═══ MATERIAL TO PROCESS

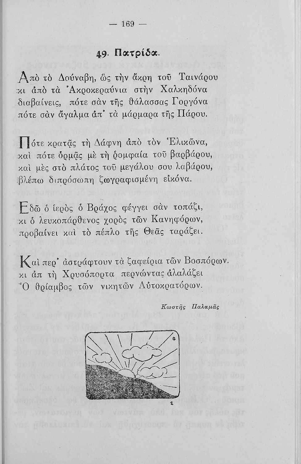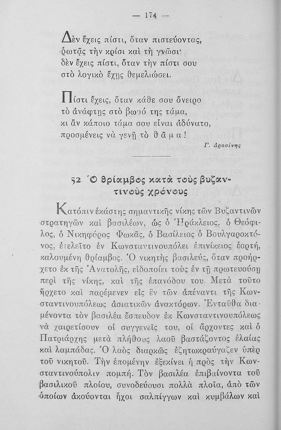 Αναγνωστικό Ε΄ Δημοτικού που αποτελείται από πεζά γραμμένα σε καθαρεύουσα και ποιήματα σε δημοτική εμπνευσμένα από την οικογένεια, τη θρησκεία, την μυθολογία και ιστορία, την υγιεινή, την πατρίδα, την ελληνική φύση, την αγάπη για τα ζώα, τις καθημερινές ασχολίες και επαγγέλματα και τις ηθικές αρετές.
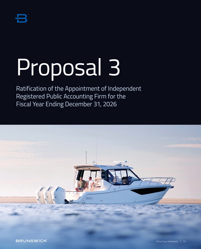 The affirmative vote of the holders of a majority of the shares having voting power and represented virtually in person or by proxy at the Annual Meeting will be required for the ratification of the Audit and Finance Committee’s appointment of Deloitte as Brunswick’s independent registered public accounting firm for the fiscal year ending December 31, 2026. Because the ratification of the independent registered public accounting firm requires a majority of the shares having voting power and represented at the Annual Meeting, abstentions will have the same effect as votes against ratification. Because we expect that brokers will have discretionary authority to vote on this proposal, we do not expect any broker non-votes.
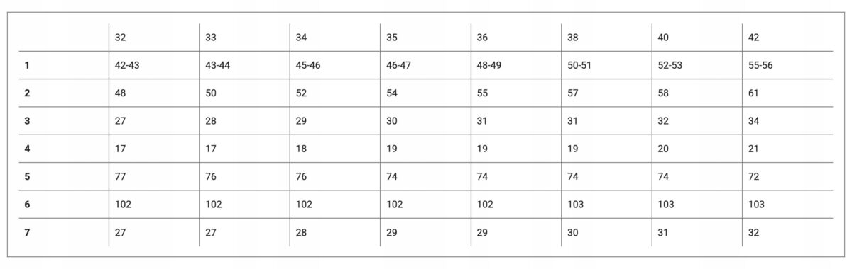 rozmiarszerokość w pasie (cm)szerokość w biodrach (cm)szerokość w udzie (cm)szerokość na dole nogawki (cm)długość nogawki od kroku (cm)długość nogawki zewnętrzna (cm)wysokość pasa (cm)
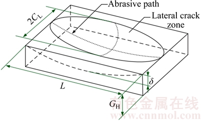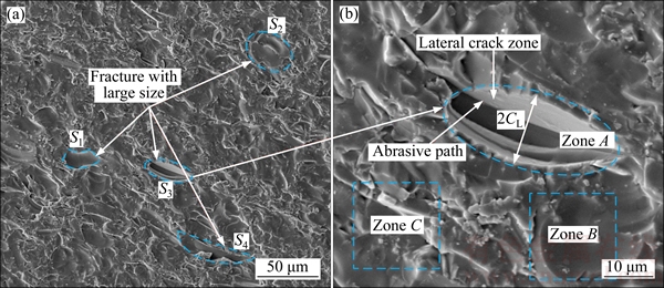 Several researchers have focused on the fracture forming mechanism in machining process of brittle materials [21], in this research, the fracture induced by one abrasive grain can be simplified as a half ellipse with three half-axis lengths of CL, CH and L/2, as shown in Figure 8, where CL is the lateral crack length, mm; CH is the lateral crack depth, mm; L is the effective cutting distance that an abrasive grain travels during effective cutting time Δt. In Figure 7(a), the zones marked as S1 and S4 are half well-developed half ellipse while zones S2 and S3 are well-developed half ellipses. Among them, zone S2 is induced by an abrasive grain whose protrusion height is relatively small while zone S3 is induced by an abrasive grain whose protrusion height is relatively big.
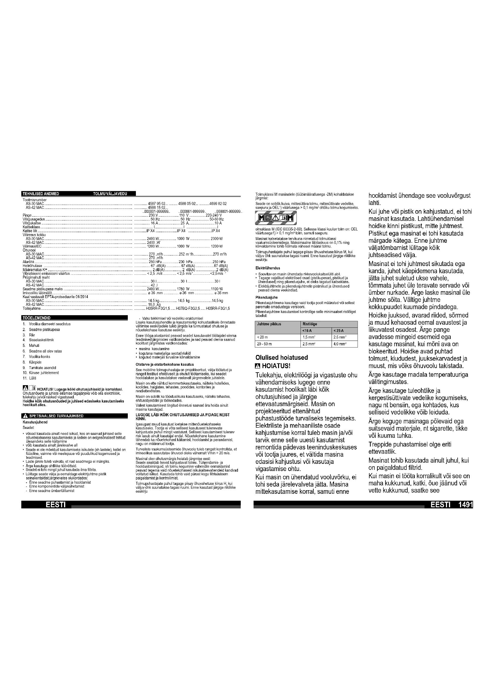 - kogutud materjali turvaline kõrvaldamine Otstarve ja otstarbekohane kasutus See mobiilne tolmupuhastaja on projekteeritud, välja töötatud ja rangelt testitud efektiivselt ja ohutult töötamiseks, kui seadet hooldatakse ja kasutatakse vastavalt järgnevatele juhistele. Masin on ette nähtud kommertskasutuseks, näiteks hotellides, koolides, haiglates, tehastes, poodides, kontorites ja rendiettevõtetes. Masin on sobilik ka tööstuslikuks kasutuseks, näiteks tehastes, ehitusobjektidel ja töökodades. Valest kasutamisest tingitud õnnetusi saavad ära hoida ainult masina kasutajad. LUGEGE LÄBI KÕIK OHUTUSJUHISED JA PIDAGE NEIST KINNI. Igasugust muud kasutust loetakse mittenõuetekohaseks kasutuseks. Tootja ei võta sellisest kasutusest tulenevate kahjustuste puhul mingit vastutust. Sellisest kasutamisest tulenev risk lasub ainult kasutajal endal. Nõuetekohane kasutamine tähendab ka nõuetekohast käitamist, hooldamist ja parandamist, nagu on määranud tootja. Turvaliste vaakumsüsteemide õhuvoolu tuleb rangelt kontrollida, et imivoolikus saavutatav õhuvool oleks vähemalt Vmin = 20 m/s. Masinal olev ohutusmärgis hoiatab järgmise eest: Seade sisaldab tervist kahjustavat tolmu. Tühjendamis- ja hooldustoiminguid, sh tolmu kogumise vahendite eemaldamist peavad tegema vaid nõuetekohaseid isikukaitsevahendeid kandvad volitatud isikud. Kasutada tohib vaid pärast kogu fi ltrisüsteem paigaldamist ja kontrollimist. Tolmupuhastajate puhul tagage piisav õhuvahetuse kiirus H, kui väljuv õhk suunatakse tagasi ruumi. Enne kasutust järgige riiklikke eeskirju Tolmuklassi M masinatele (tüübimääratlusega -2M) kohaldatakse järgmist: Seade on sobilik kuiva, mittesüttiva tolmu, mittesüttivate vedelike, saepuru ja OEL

══════
═══ MATERIAL TO PROCESS

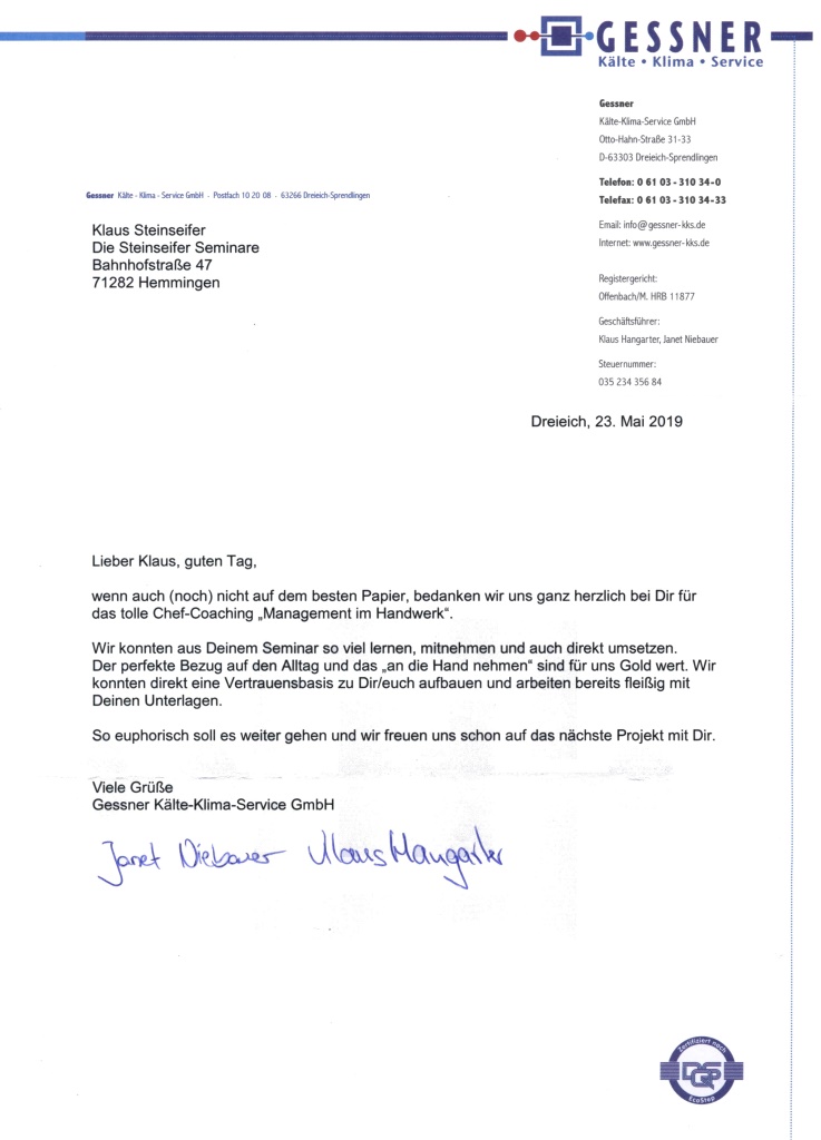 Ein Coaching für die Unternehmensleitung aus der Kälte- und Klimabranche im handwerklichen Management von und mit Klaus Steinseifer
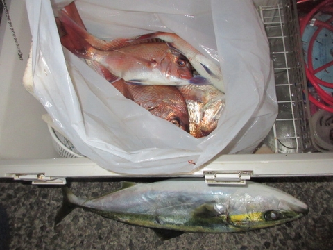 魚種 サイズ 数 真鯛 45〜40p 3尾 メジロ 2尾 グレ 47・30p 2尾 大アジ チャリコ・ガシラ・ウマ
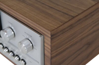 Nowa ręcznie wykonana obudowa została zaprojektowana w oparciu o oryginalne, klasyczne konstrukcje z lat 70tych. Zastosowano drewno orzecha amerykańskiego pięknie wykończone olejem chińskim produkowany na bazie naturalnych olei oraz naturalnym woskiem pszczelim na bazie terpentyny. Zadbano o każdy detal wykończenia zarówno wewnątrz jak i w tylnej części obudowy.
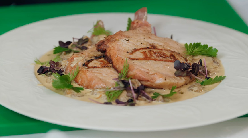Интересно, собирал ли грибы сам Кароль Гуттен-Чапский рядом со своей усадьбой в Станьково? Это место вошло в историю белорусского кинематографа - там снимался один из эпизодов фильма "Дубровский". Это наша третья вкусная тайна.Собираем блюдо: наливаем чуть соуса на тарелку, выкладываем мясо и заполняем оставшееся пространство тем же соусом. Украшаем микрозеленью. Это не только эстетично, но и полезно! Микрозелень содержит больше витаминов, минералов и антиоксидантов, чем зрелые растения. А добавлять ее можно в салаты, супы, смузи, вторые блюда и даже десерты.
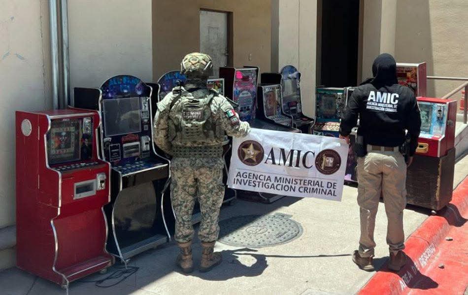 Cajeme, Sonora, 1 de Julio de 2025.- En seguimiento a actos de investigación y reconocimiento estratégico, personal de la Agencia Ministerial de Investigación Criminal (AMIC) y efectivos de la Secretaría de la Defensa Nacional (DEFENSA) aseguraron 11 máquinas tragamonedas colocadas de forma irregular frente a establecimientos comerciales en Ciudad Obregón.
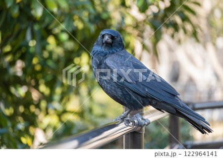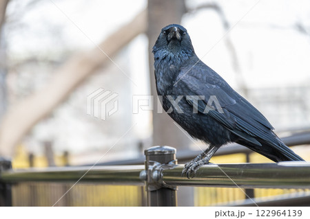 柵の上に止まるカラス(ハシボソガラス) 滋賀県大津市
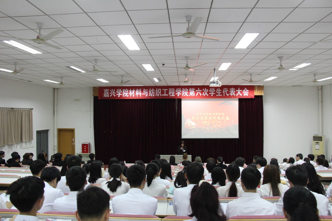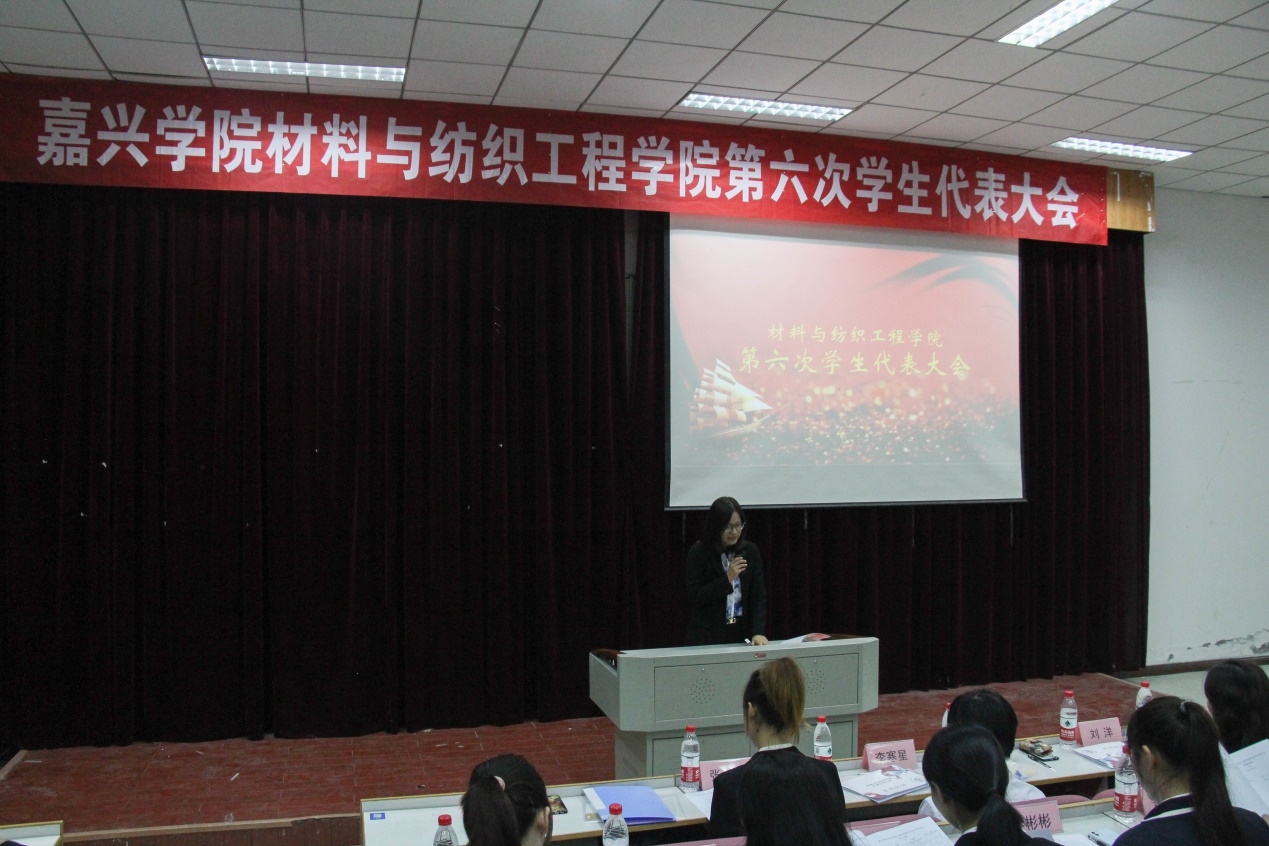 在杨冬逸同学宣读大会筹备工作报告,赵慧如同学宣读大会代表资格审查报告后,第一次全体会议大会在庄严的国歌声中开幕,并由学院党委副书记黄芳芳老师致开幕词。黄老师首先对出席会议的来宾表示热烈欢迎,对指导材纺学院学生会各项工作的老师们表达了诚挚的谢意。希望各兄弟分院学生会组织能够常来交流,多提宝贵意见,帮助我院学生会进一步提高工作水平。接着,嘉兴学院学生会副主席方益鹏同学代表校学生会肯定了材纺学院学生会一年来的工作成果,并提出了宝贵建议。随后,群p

══════

> PROBLEM: Only the lines between the one with "柵の上に止まるカラス(ハシボソガラス) 滋賀県大津市" and the one with "在杨冬逸同学宣读大会筹备工作", those two included, get copied from the material above. Keep it exact and free of pictures.

> ANSWER SPACE:
 柵の上に止まるカラス(ハシボソガラス) 滋賀県大津市
 在杨冬逸同学宣读大会筹备工作报告,赵慧如同学宣读大会代表资格审查报告后,第一次全体会议大会在庄严的国歌声中开幕,并由学院党委副书记黄芳芳老师致开幕词。黄老师首先对出席会议的来宾表示热烈欢迎,对指导材纺学院学生会各项工作的老师们表达了诚挚的谢意。希望各兄弟分院学生会组织能够常来交流,多提宝贵意见,帮助我院学生会进一步提高工作水平。接着,嘉兴学院学生会副主席方益鹏同学代表校学生会肯定了材纺学院学生会一年来的工作成果,并提出了宝贵建议。随后,群p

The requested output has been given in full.